→ **Assigned task**: The answer must reproduce all of the data below exactly and contain no images.

→ **Data**:
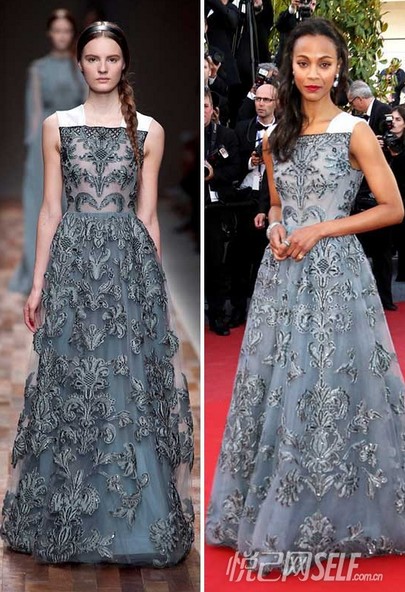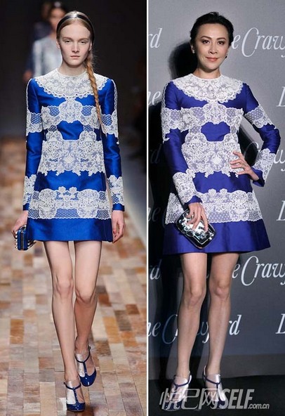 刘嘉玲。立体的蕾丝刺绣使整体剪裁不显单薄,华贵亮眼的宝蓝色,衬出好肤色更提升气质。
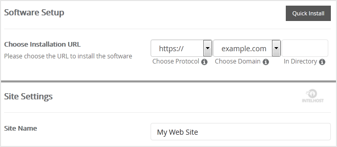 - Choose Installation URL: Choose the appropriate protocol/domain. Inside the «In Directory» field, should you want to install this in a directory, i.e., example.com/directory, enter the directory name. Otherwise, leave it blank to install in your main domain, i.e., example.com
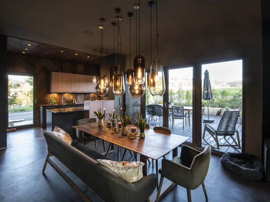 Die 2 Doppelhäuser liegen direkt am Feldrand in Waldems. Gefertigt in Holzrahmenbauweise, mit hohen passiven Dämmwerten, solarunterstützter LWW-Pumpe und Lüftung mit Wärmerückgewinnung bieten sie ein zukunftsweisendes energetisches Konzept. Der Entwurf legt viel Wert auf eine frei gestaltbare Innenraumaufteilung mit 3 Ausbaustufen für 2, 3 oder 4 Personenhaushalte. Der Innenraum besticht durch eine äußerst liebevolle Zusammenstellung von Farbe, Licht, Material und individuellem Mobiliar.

→ **Expected output**:
 刘嘉玲。立体的蕾丝刺绣使整体剪裁不显单薄,华贵亮眼的宝蓝色,衬出好肤色更提升气质。
 - Choose Installation URL: Choose the appropriate protocol/domain. Inside the «In Directory» field, should you want to install this in a directory, i.e., example.com/directory, enter the directory name. Otherwise, leave it blank to install in your main domain, i.e., example.com
 Die 2 Doppelhäuser liegen direkt am Feldrand in Waldems. Gefertigt in Holzrahmenbauweise, mit hohen passiven Dämmwerten, solarunterstützter LWW-Pumpe und Lüftung mit Wärmerückgewinnung bieten sie ein zukunftsweisendes energetisches Konzept. Der Entwurf legt viel Wert auf eine frei gestaltbare Innenraumaufteilung mit 3 Ausbaustufen für 2, 3 oder 4 Personenhaushalte. Der Innenraum besticht durch eine äußerst liebevolle Zusammenstellung von Farbe, Licht, Material und individuellem Mobiliar.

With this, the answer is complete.